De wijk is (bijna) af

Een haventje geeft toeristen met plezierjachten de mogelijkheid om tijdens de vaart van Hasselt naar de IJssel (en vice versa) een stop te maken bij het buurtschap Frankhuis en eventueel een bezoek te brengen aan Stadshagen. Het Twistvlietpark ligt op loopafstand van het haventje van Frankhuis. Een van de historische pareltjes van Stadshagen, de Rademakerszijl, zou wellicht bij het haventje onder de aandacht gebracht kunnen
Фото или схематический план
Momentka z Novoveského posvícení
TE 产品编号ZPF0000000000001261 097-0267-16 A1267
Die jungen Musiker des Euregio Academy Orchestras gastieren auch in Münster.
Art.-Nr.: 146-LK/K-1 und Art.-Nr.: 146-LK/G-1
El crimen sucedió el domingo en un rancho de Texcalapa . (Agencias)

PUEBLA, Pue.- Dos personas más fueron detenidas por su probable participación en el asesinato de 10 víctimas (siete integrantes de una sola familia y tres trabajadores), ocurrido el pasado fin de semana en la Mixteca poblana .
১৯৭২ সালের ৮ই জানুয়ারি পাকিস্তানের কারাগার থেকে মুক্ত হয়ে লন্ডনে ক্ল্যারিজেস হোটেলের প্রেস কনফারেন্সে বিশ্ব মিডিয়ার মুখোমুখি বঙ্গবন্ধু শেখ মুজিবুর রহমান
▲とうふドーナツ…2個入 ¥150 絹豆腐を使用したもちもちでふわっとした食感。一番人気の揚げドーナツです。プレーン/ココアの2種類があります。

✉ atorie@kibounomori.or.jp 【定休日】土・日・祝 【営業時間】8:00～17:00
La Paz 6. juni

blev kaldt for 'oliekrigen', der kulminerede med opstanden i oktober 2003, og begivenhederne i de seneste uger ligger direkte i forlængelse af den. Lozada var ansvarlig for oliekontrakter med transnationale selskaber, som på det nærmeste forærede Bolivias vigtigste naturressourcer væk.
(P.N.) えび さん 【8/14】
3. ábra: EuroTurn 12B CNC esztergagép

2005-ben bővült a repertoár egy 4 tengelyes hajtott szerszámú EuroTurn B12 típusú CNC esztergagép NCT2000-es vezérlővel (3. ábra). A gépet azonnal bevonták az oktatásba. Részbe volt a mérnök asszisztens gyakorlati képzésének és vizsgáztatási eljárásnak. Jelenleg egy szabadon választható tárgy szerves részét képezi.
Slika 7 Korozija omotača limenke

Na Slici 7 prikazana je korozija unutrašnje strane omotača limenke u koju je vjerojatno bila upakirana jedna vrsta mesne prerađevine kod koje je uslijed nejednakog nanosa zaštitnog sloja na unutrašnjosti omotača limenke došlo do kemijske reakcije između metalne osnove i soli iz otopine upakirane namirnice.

▶ [Work item] Transcribe the full set of records without altering a single character.

▶ [Task output]
De wijk is (bijna) af

Een haventje geeft toeristen met plezierjachten de mogelijkheid om tijdens de vaart van Hasselt naar de IJssel (en vice versa) een stop te maken bij het buurtschap Frankhuis en eventueel een bezoek te brengen aan Stadshagen. Het Twistvlietpark ligt op loopafstand van het haventje van Frankhuis. Een van de historische pareltjes van Stadshagen, de Rademakerszijl, zou wellicht bij het haventje onder de aandacht gebracht kunnen
Фото или схематический план
Momentka z Novoveského posvícení
TE 产品编号ZPF0000000000001261 097-0267-16 A1267
Die jungen Musiker des Euregio Academy Orchestras gastieren auch in Münster.
Art.-Nr.: 146-LK/K-1 und Art.-Nr.: 146-LK/G-1
El crimen sucedió el domingo en un rancho de Texcalapa . (Agencias)

PUEBLA, Pue.- Dos personas más fueron detenidas por su probable participación en el asesinato de 10 víctimas (siete integrantes de una sola familia y tres trabajadores), ocurrido el pasado fin de semana en la Mixteca poblana .
১৯৭২ সালের ৮ই জানুয়ারি পাকিস্তানের কারাগার থেকে মুক্ত হয়ে লন্ডনে ক্ল্যারিজেস হোটেলের প্রেস কনফারেন্সে বিশ্ব মিডিয়ার মুখোমুখি বঙ্গবন্ধু শেখ মুজিবুর রহমান
▲とうふドーナツ…2個入 ¥150 絹豆腐を使用したもちもちでふわっとした食感。一番人気の揚げドーナツです。プレーン/ココアの2種類があります。

✉ atorie@kibounomori.or.jp 【定休日】土・日・祝 【営業時間】8:00～17:00
La Paz 6. juni

blev kaldt for 'oliekrigen', der kulminerede med opstanden i oktober 2003, og begivenhederne i de seneste uger ligger direkte i forlængelse af den. Lozada var ansvarlig for oliekontrakter med transnationale selskaber, som på det nærmeste forærede Bolivias vigtigste naturressourcer væk.
(P.N.) えび さん 【8/14】
3. ábra: EuroTurn 12B CNC esztergagép

2005-ben bővült a repertoár egy 4 tengelyes hajtott szerszámú EuroTurn B12 típusú CNC esztergagép NCT2000-es vezérlővel (3. ábra). A gépet azonnal bevonták az oktatásba. Részbe volt a mérnök asszisztens gyakorlati képzésének és vizsgáztatási eljárásnak. Jelenleg egy szabadon választható tárgy szerves részét képezi.
Slika 7 Korozija omotača limenke

Na Slici 7 prikazana je korozija unutrašnje strane omotača limenke u koju je vjerojatno bila upakirana jedna vrsta mesne prerađevine kod koje je uslijed nejednakog nanosa zaštitnog sloja na unutrašnjosti omotača limenke došlo do kemijske reakcije između metalne osnove i soli iz otopine upakirane namirnice.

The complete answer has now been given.